It's time to have PH sports system that prevents, not just responds

As the Baterbonia Family says their final goodbye to their hardcourt hero, Rene, the call for more preventive measures for sports safety continues to grow stronger. Provincial Government of Agusan Del Sur
By Kara Mallonga

LONDON—There is a rhythm we have come to know too well in Philippine sports.

Something terrible happens.

Shock sets in.

Statements are released, investigations are promised, and lessons will be learned.

Then, as time passes, the urgency fades.

Recommendations sit unread.

The system quietly resets until the next tragedy arrives and the cycle begins again.

The deaths of Ateneo student-athletes Rene Baterbonia and Divine Adili have brought us back to this familiar, painful place.

Once again, we are asking what went wrong.

Once again, we are promising change, and I find myself asking a quieter question: what would it take to have these conversations before a tragedy occurs, rather than after?

It is not that people do not care.

In my experience, the will to do right by athletes is almost always present.

Coaches, administrators, and institutions genuinely want our athletes to be safe.

The gap lies elsewhere.

In many cases, the default approach to sports safety has been reactive, not because anyone chose it deliberately, but because that has long been the path of least resistance.

It is easier to respond to a visible crisis than to invest in prevention when the danger still feels distant.

I understand how that happens.

I have lived inside those systems.

When resources are thin, when schedules are packed, when the pressure to perform is relentless, safety planning can slip down the priority list.

It is rarely malicious.

It is the quiet drift of good intentions overtaken by immediate demands, but understanding how it happens does not mean accepting that it must continue.

When I was with the Games and Amusements Board, working on the health and safety protocols that allowed professional sports to resume during the pandemic, we were given an unusual gift: clarity.

The threat was visible, the timeline was urgent, and no one could pretend otherwise.

That clarity forced the system to act.

We built bubbles.

We trained safety officers.

We embedded medical oversight.

We created reporting lines.

We did the work because the risk was right in front of us, and the alternative was unthinkable.
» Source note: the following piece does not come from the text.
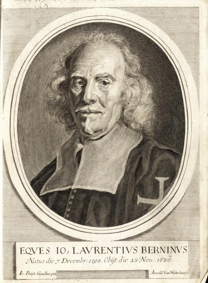 Page from the Vita del cavalier Gio. Lorenzo Bernino written by Domenico Bernini, published in 1713 in Rome by Rocco Bernabò, the frontispiece portrait of Gian Lorenzo Bernini was engraved by Arnold van Westerhout after a design by Giovanni Battista Gaulli

What has stayed with me since is a simple realization: the same level of care we summoned for COVID-19 can and should exist for every training session, every team trip, every environment where young people are placed under institutional care.
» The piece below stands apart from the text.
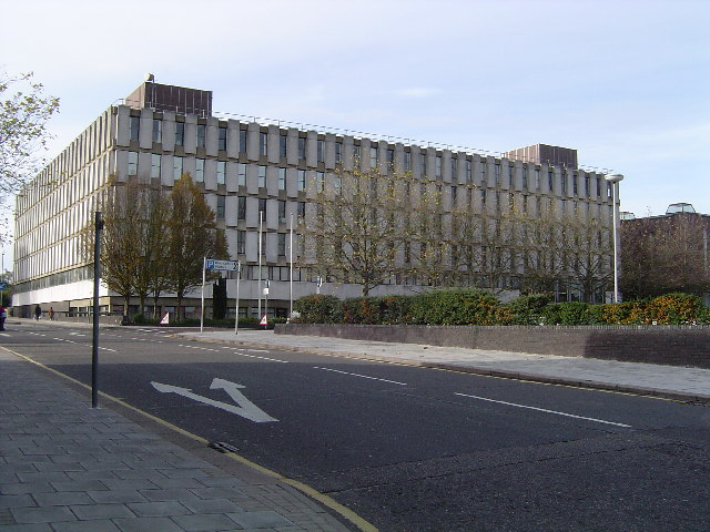 Harrow Civic Centre. The ultimate municipal monolith, and home of Harrow Council! Harrow Council's website is here

The risks may look different, but they are no less real.

The difference is that we have not yet made them visible enough to act on them early.

A proactive approach to sports safety is not complicated in concept, though it takes commitment in practice.

It means assessing risks before activities, not only reviewing them after.

It means equipping coaches with training on duty of care, emergency response, and mental health before they step into their roles.

It means building safeguarding structures that are independent enough to ask hard questions when something feels off.

It means fostering environments where athletes, coaches, and staff can raise concerns without fear.

It means weaving safety into the daily rhythm of sport, not treating it as a one-time briefing or a form to sign.

These are not radical ideas.

In many fields, they are standard.

The opportunity before Philippine sports now is to close that gap, not out of guilt or blame, but out of a shared commitment to protect the people who make sport possible.

I think about Rene and Divine.

I think about every athlete who left for training and never came home, and I think about all the moments, long before those tragedies, when a different decision might have made the difference.

We cannot change what has already been lost, but we can honour those we have lost by building something better for those who come next.

That means moving, as a sports community, from a rhythm of reaction to a rhythm of prevention.

Not because we are being watched, not because a crisis has forced our hand, but because we have decided, together, that the safety of our athletes will not wait for another heartbreak.

That is the kind of legacy that heals, and it is within reach.

(Editor's Note: As of posting, the remains of Baterbonia were already buried in his hometown of Talacogon, Agusan Del Sur, while those of Adili are being flown to his native country of Nigeria, where he will be buried as well.)

The views and opinions of the writer do not necessarily reflect those of Dugout Philippines.